You missed the excitement of 1998, with $1999=1999, 2000=2^4 \cdot 5^3, 2001=3 \cdot 23 \cdot 29,$ and $2002=2 \cdot 7 \cdot 11 \cdot 13$

A quick set of thoughts, too long to fit in a comment:

this requires finding a "prime gap" of length $k-1$, since $s(n+1)=1$ means that $n+1$ is prime that $n+1$ is either prime or a power of a prime, but the next $k-1$ digits are composite since s(n+x)>1 for $2 \le x \le k$. This also means that $s(n+2)=2$ only because $s(n+2)$ is even, thus $2$ is one of the factors and implies that $(n+2)/2$ is prime (or that $(n+2)/2^j$ is prime for some $j \in \mathbb{Z}$), since $n+2$ only has two factors and one of them is $2$ (or $2^j$).

For $s(n+k)$ to have $k$ distinct prime factors means that it has to be at minimum a product of the first $k$ prime numbers, while it definitely has to be a multiple of the product of $k$ prime numbers. So the two key restrictions are that s(n+k) is $k$-composite (has $k$ prime factors) and that both (n+1) and (n+2)/2 are prime numbers.

Hmm, I thought something about the fact that either s(n+2) or s(n+4) would be divisible by $4$ while the other would be divisible by $2$ but not by $4$ would play some role in this.

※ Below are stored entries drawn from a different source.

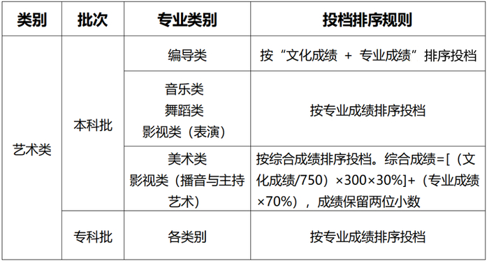 艺术类专业平行志愿在考生文化成绩、专业成绩分别达到我市当年最低录取控制分数线的前提下,根据下表中的投档排序规则进行投档。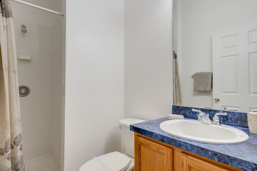 There are 4 bedrooms. The first bedroom, the master bedroom, has a king-size bed, flat screen TV, and en-suite bathroom with garden tub and walk-in shower. The second bedroom has queen-size bed and en-suite bathroom, and the third and fourth bedrooms both have two single beds in each – perfect for the kids.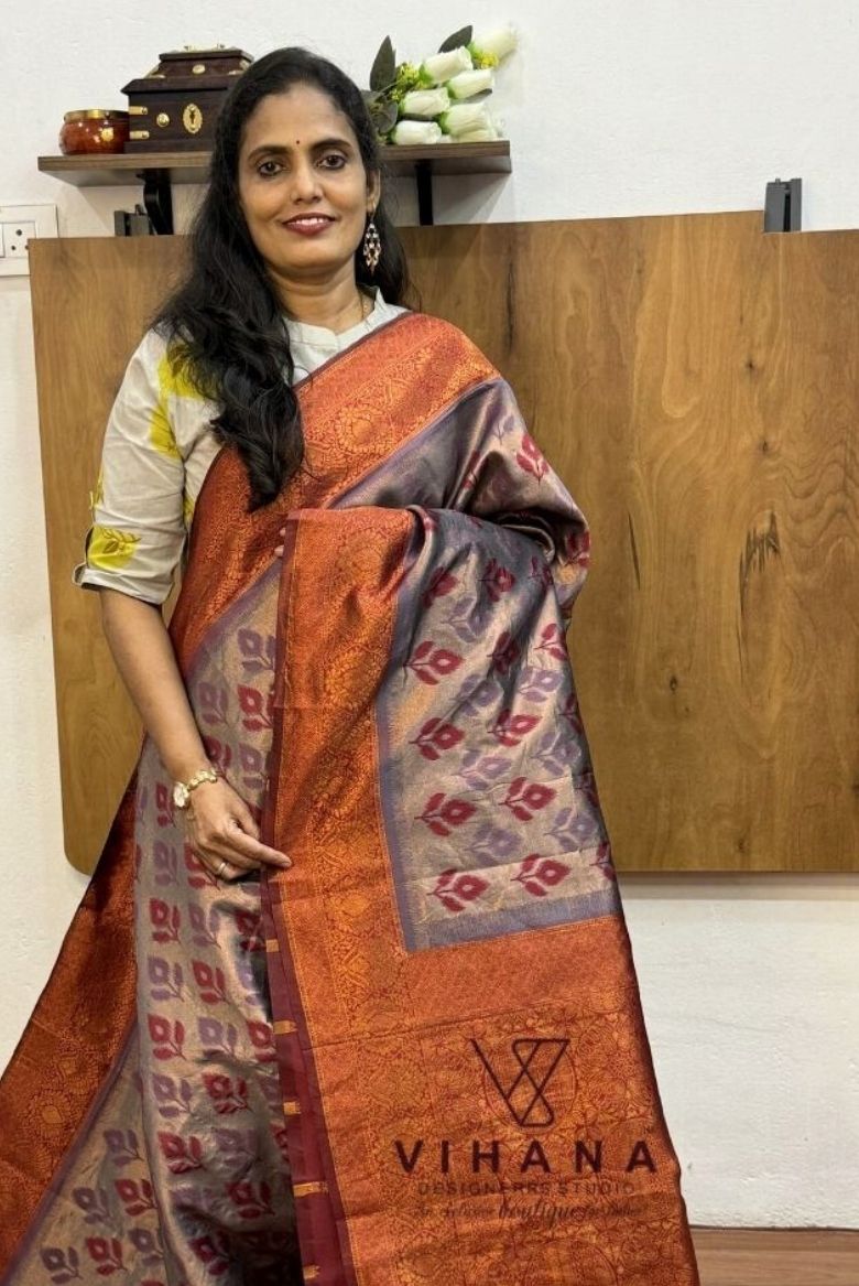 Grey&golden zari mixed weaving kanjivaram silk saree ,having purple & beetroot red coloured floral motifs , with golden zari work thick maroon border , floral designed Pallu.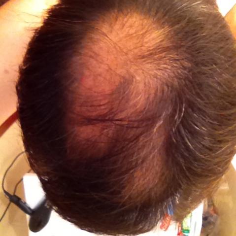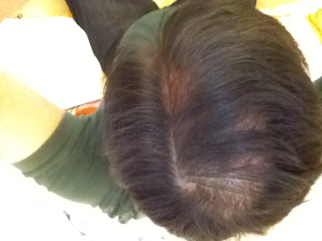The view from the top is the most telling. This is the before shot. Not only was it visible from the top, but very apparent from all angles. The hair diameter was very thin at the top and clumps of hair would shed daily.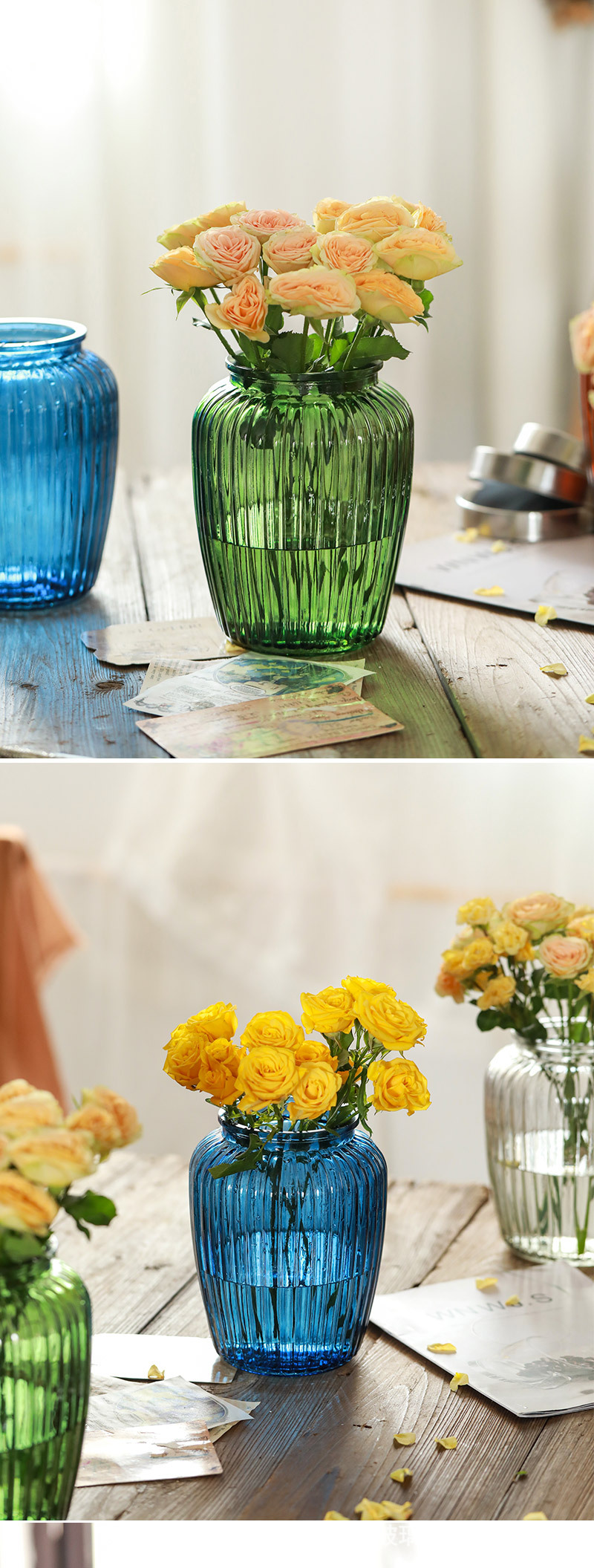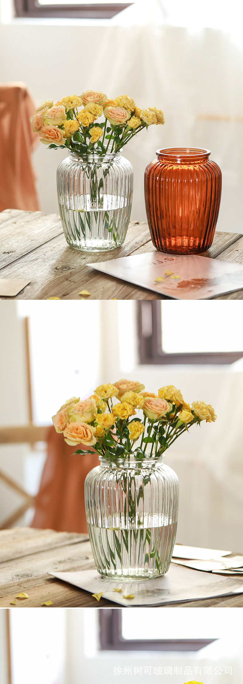 크리 에이 티브 스테인드 글라스 꽃병 스타일 큰 배꼽 호박 수경 꽃 실내 데스크탑 말린 꽃 장식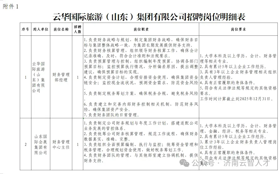 云华国际旅游(山东)集团有限公司:财务管理部经理1人。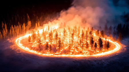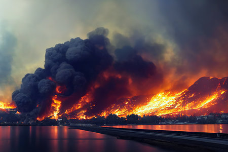 Raging fire against dark skies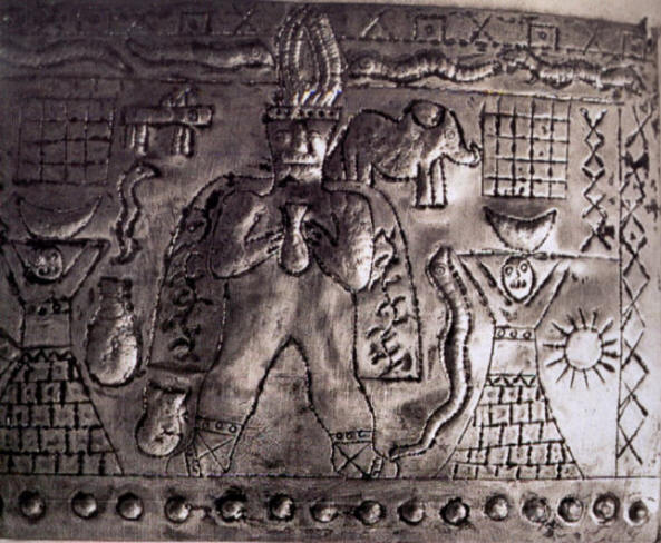 Ispada da su ljudi mnogo prije trenutne ere astronautike znali sferični oblik zemlje. Druga figura poda ima pravokutnik tijelo i okrugla glava. Ovo čudno stvorenje stoji na kugli globusu. i drži u “rukama” mjeseca i sunca. Takođe sam pronašao lik koji naziva “klaunom” ili “pilotom”. Na glavi je kaciga sa slušalice, rukavice na rukama. Na njegov kostim koji podsjeća pričvršćen svemirski odijelo, prsten i žice.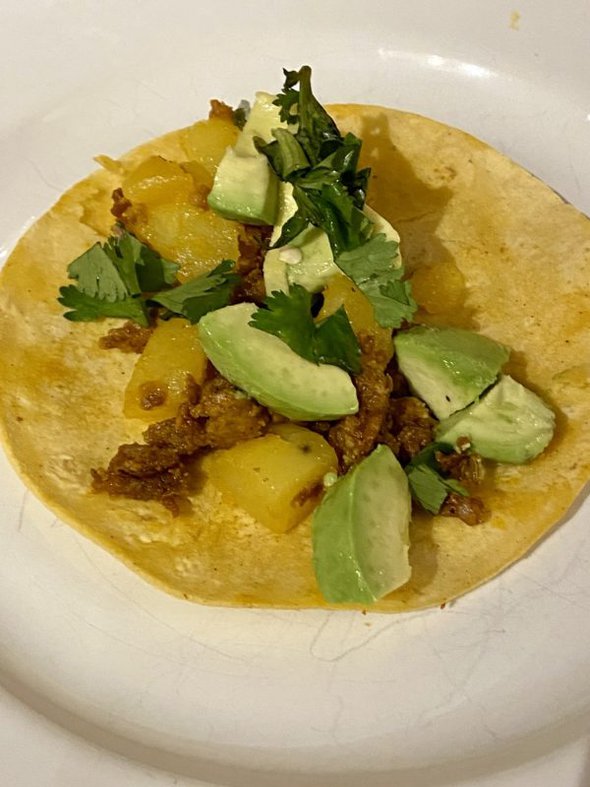 I made some potato and chorizo tacos with avocado (and sour cream, which was unpictured!)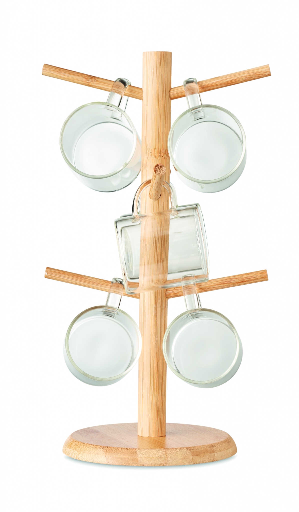 Tassenbaum aus Bambus mit 6 Bechern aus Borosilikatglas. Fassungsvermögen: 200 ml pro Becher. Produktmontage erforderlich. Bambus ist ein natürliches Produkt, es kann daher zu leichten Abweichungen in Farbe, Dekor und Maßen kommen.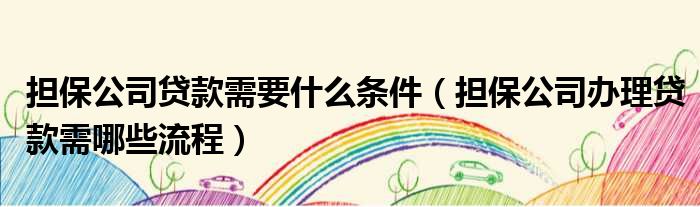 大家好,今天小六子来为大家解答以下的问题,关于担保公司贷款需要什么条件,担保公司办理贷款需哪些流程这个很多人还不知道,现在让我们一起来看看吧!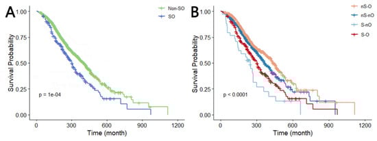 Kaplan–Meier curve of OS (log-rank test: p = 0.0001). (A,B) Survival curves when the total population is divided into two and four categories. Abbreviations: dichotomous taxonomy of SO: SO, sarcopenic obesity; Non-SO, non-sarcopenic obesity; Quadruple taxonomy of SO: nS-nO, non-sarcopenia and non-obesity; nS-O, non-sarcopenia and obesity; S-O, sarcopenia and obesity; S-nO, sarcopenia and non-obesity.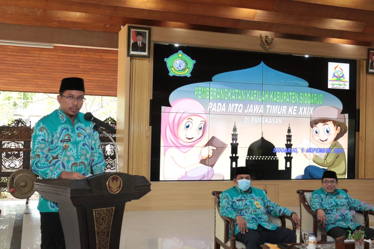 Kabupaten Sidoarjo mengirimkan 70 orang kafilah pada MTQ Jawa Timur ke XXIX yang digelar di Kabupaten Pamekasan. Pagi tadi mereka diberangkatkan Bupati Sidoarjo H. Ahmad Muhdlor Ali S.IP dipendopo Delta Wibawa Senin, (1/11). Terdapat 52 peserta yang akan mengikuti 44 cabang dalam MTQ ke 29 Jatim tahun ini. Selebihnya official, pendamping, pembina dan driver.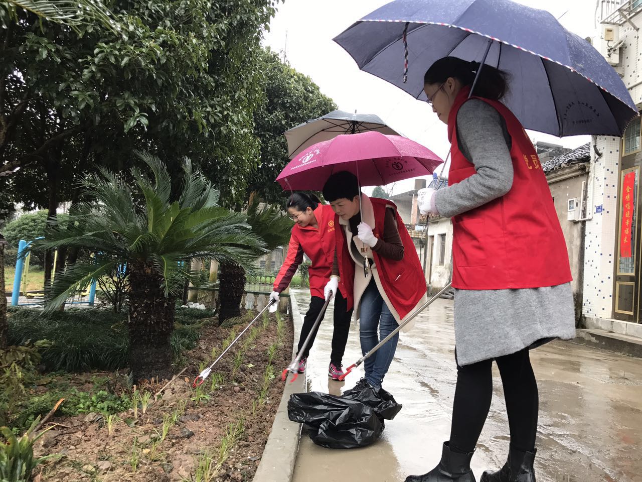 3月10日下午,县新闻中心组织全体党员赴前童镇岭南村开展消灭V类水河道清理活动,图为中心党员、巾帼岗岗员正在冒雨捡拾垃圾。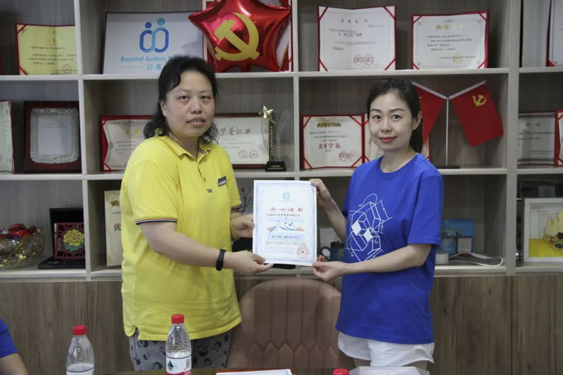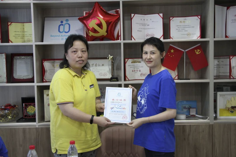 7月9日,宏盛集團(tuán)及上海建業(yè)員工代表一行9人一起來到上海靜安越量兒童心智發(fā)展訓(xùn)練中心,試著了解并走進(jìn)他們的世界。機(jī)構(gòu)領(lǐng)導(dǎo)首先給我們介紹了自閉癥兒童的相關(guān)知識以及這群孩子的特殊性,讓大家先有一個初步了解,并帶著我們參觀了整個機(jī)構(gòu)。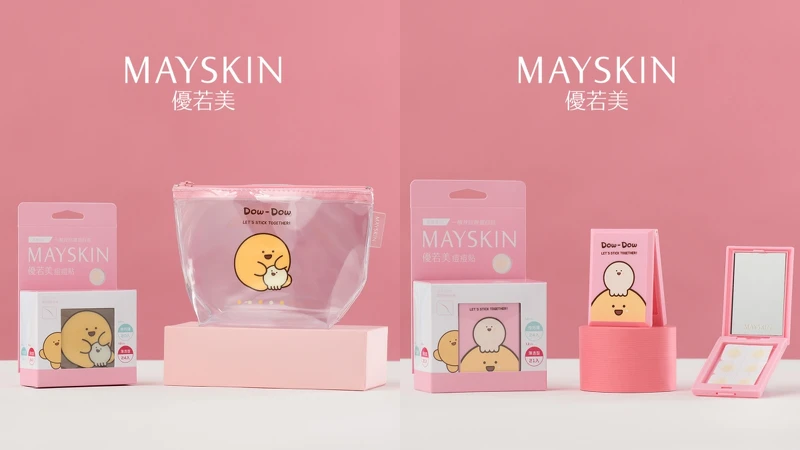 隱形痘痘貼品牌MAYSKIN優若美2020年夏天與韓國超人氣糯米糰Dow-Dow合作,推出期間限定的痘痘貼聯名組合,搭配透明化妝包、收納盒、髮帶等專屬周邊贈品,看起來超萌、超療癒!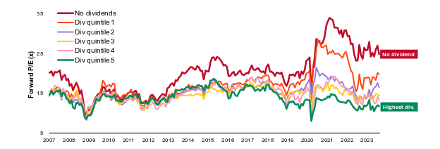 Chart 1: Forward P/E by Dividend Quintiles – MSCI USA Index
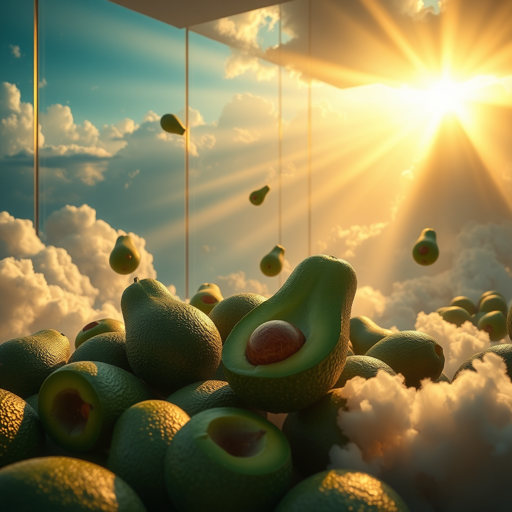 A masterpiece scene unfolds in the waiting room to heaven, with avocados floating gracefully amidst ethereal clouds. Brilliant god rays pierce through, casting cinematic lighting across intricate details. The composition exudes genius, capturing the serene essence with astonishing beauty in 8k resolution.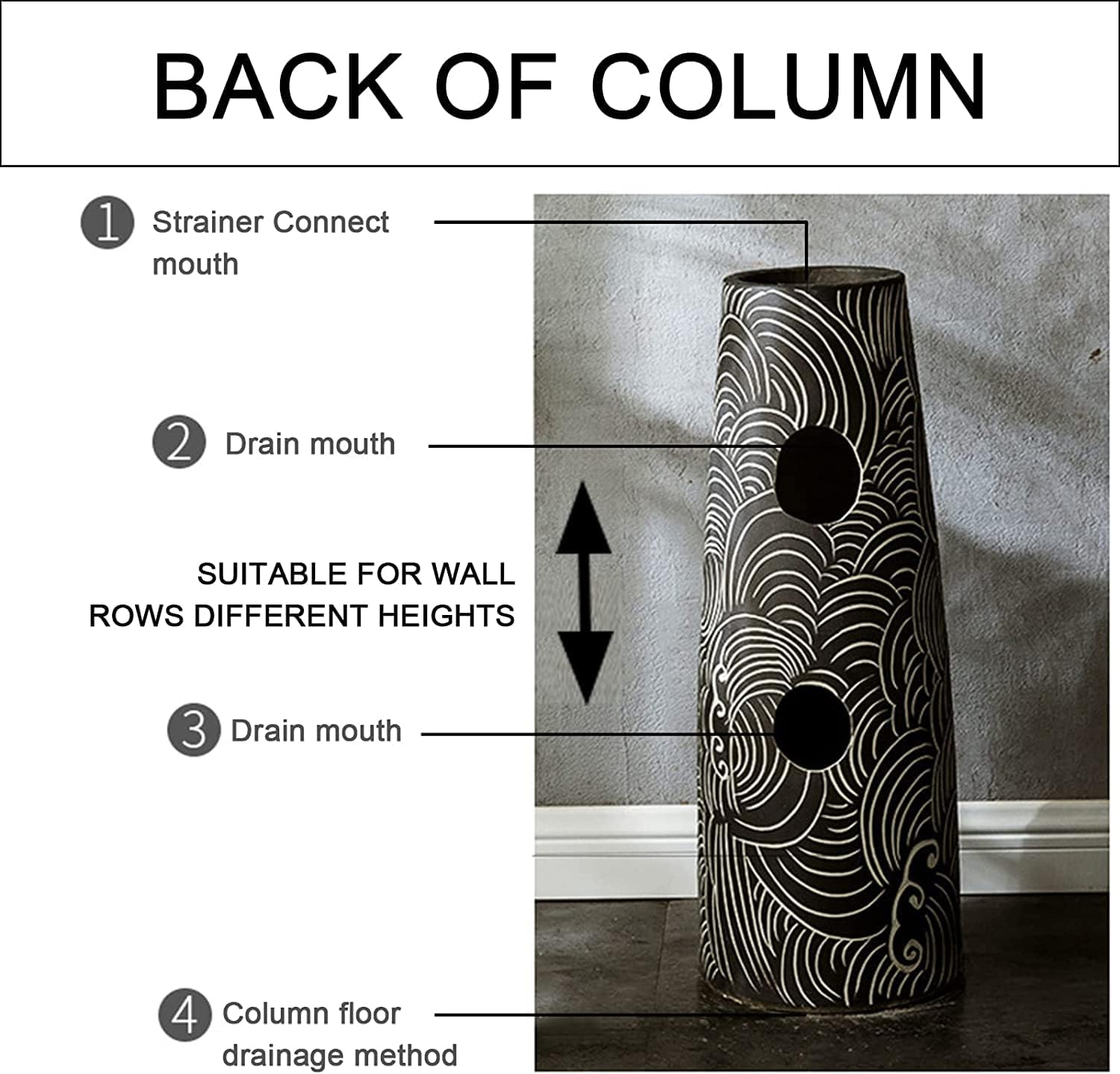 This Pedestal Sink catches your attention especially thanks to its really unique design. ? The mix of romantic and elegant give this a look, make Home bathroom or Business Hotel Restaurant as charming it's practical.1. Sleek Elegant Design, Smooth Lines, Curved Corners, Safer for Use. 2. Modern Simplicity , Wear-resistant dirt-resistant, Stable durable, Not Easy Sscratch. 3. High Temperature Integral Molding, Seamless, No Leakage, Longer Service Life. - Type:Freestanding Sinks Material:Kaolin Clay Ceramic Overflow: Drain Location:Center Size :See detailed size chart Delicate solid ceramic with crystalline glaze. Premium quality construction: maintain clean. Package: Column Basin * 1 Faucet Floor drain Angle valve 2 pipe 1〖 Customer Service〗 We are committed providing you the highest service addressing any concerns issues promptly ensure satisfaction. please contact us by email, all questions will be answered within 12 hours. Look forward working you.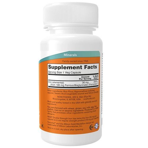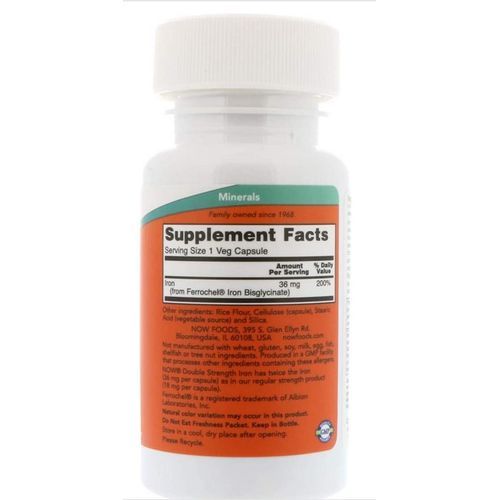 NOW® Double Strength Iron has twice the Iron (36 mg per capsule) as in our regular strength product (18 mg per capsule).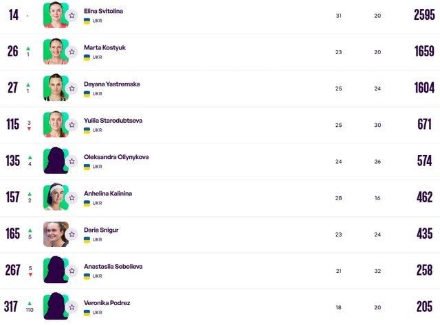 Та найбільший прогрес продемонструвала 18-річна українка Вероніка Подрез, яка перестрибнула аж 110 сходинок – з 427-ї на 317-ї . Це трапилося завдяки її тріумфу на турнірі ITF W75 в Пуатьє.

Here are some quick results from running "bash", "factor", and "sed" and "awk" at the command line:

If you want an ascending run of 1,2, and 3 prime factors, the smallest example starts at $n=63$, with $64=2^6, 65=5 \cdot 13, 66=2 \cdot 3 \cdot 11$

If you want an ascending run of 1,2,3, and 4 prime factors, we already missed the exciting years of $n=1866$ and $n=1998$

1867: 1867
1868: 2 2 467
1869: 3 7 89
1870: 2 5 11 17

1999: 1999
2000: 2 2 2 2 5 5 5
2001: 3 23 29
2002: 2 7 11 13

And the next few years with ascending runs of 1,2,3, and 4 prime factors will start after the years 3216, 4056, and 4176 with 3217, 4057, and 4177 as prime years. Unfortunately, these computational results are not giving me the germ of any shortcut or understanding. There are also some descending sequences in terms of the number of prime factors, and their placement also does not help.

If you want an ascending run of 1,2,3,4, and 5 prime factors, we have to wait almost half-a-million years to get to the exciting years of $n=491850$ and $n=521880$ for $k=5$

491851: 491851
491852: 2 2 122963
491853: 3 19 8629
491854: 2 11 79 283
491855: 5 7 13 23 47

521881: 521881
521882: 2 260941
521883: 3 3 3 3 17 379
521884: 2 2 11 29 409
521885: 5 7 13 31 37

Now with four numbers computed and found, I searched the OEIS and found the corresponding sequence. Since the Online Encyclopedia already has this sequence, I'm hanging up my computational hat and heading off to work. :)

http://oeis.org/A086560

Start of first run of n successive numbers in which i-th number has exactly i distinct prime divisors for i = 1..n

2, 5, 64, 1867, 491851, 17681491, 35565206671

J.-M. De Koninck, Ces nombres qui nous fascinent, Entry 64, p. 23, Ellipses, Paris 2008.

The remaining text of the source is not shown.